Françoise Maurel et El Mouhoub Mouhoud situent la géographie économique de la France dans l'Europe, en rappelant que si mouvement de spécialisation il y a, il est plus intra-branche qu'inter-branche et que la convergence entre États membres recouvre dans plusieurs d'entre eux des divergences régionales internes. Jean-François Royer décrit les grandes tendances qui ont affecté la répartition de la population, de l'emploi et de la valeur ajoutée en France métropolitaine entre 1982 et 1999 il souligne le mouvement de concentration des populations dans les grandes métropoles, ainsi que le plafonnement de l'Île-de-France dans l'activité nationale, mais avec une concentration dans cette région des emplois à plus forte valeur ajoutée. Laurent Davezies analyse la distribution des revenus entre les territoires il montre que la redistribution au niveau national aboutit à des inégalités de revenus bien moindre que les inégalités de valeur ajoutée entre les collectivités et que les transferts publics sont à prendre en compte dans la « base » au même titre que des recettes d'exportation. Guy Gilbert, Alain Guengant et Véronique Hespel examinent le lien entre développement des territoires et financement des collectivités locales ils soulignent le paradoxe entre les tendances à la renationalisation des impôts locaux et la nécessité d'étendre, sous le contrôle du résident-électeur, l'autonomie des collectivités ils plaident pour un scénario de reconquête de la décentralisation fiscale.

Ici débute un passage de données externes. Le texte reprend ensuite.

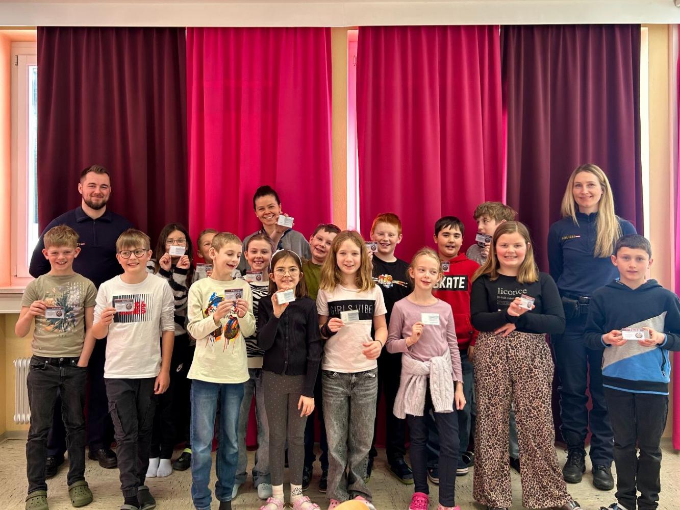 Zum Abschluss konnten die Schülerinnen und Schüler ihr Wissen in einem Bewerbungsbogen unter Beweis stellen. Als Anerkennung erhielten sie stolz ihren eigenen Kinderpolizeiausweis.
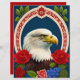 Het afbeelding van een kale adelaar, dat de belangrijkste kenmerken van de vogel weergeeft, met een extra artistieke aanraking van klassieke rode, witte en blauwe bloemelementen. De bloemelementen zijn ontworpen met behulp van geavanceerde technologie en omvatten rozen, bladeren en bloemen.
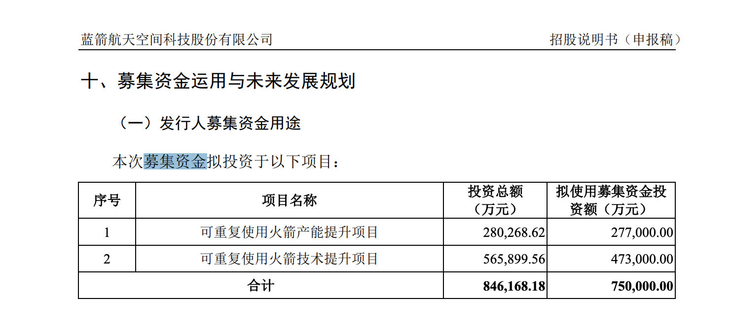 招股書申報稿顯示,藍箭航天IPO擬募資75億元。藍箭航天表示,通過本次上市募集資金,大力提升公司可重復使用火箭技術研發(fā)、提高發(fā)動機與火箭批量化制造能力,充分發(fā)揮自身在火箭設計、研發(fā)、試驗、生產(chǎn)總裝、發(fā)射的全鏈條交付能力,實現(xiàn)低成本、大運力、可重復使用火箭的商業(yè)化運營,積極響應國家戰(zhàn)略規(guī)劃與迫切的發(fā)射服務市場需求。
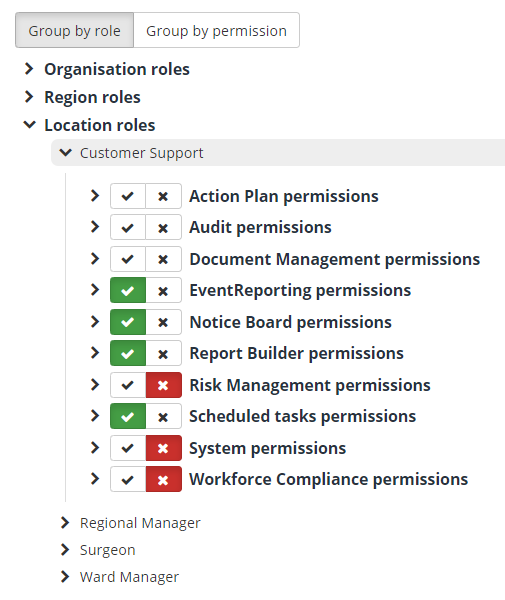 | Manage Access Control | Can configure the parts of the system each role can access. A user with Manage Access Control permission can set the access across the entire organisation, regardless of the scope of the user’s role. E.g. a Location or Region role user with Manage Access Control assigned, will be able to set the access permissions for all roles across the entire system and will not be limited to just the user’s own Location or Region. A user with the Manage Access Control permission can manage all system permissions, regardless of any other permissions assigned to them. |
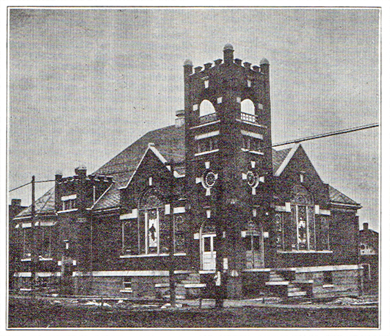 All lines of business were flourishing by midsummer of 1888, and as the people looked forward to prosperity and commercial progress they turned their attention to the building of substantial homes, churches and schools. During the first six months of the town’s existence the two branches of the Methodist Church, the Church of the Disciples, the Baptists, the Catholics and the Cumberland Presbyterians had organized congregations. All the Protestant denominations met for worship in Crumley’s Hall, on Gracia avenue, and the Catholic congregation held their services in Senrick’s Hall on Lake street. J. W. W. Waugh was the first pastor of the church of the Disciples. W. Toole was the first pastor in charge of the Southern Methodist organization, while J. E. Rutledge directed the destiny of the earliest congregation of the First M. E. Church. These two branches of the Methodist faith maintained a separate existence in the town until the year of 1908, when the two congregations were merged into one and the splendid, modern church edifice at the corner of Kansas and Santa Fe avenues, with its many endearing and ornamental fixtures, is the result of that merger.
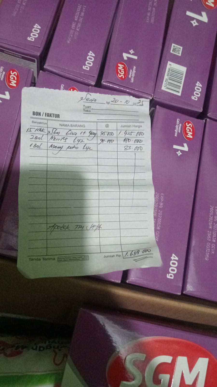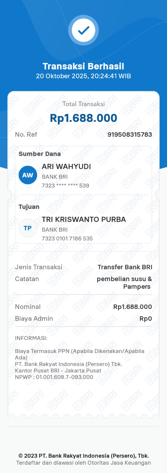 Dana digunakan untuk 1. Susu SGM explor gain 400gr Rp95.000x 15 kotak= Rp.1.425.000. 2. Pampers merries Rp75.000 x 3 ball= Rp225.000 3. Transportasi ke RS terapi PP Rp150.000 x 6 kali = Rp850.0002025-10-21 10:32:22

Pierre-Philippe Combes et Miren Lafourcade présentent une analyse de la distribution spatiale des activités et des politiques d'infrastructure des transports à la lumière de l'économie géographique, qui permet d'enrichir l'évaluation habituelle des projets d'infrastructure un développement de la méthode utilisée permettrait, à l'avenir, de mieux appréhender l'impact de long terme des nouvelles infrastructures sur la répartition spatiale des activités.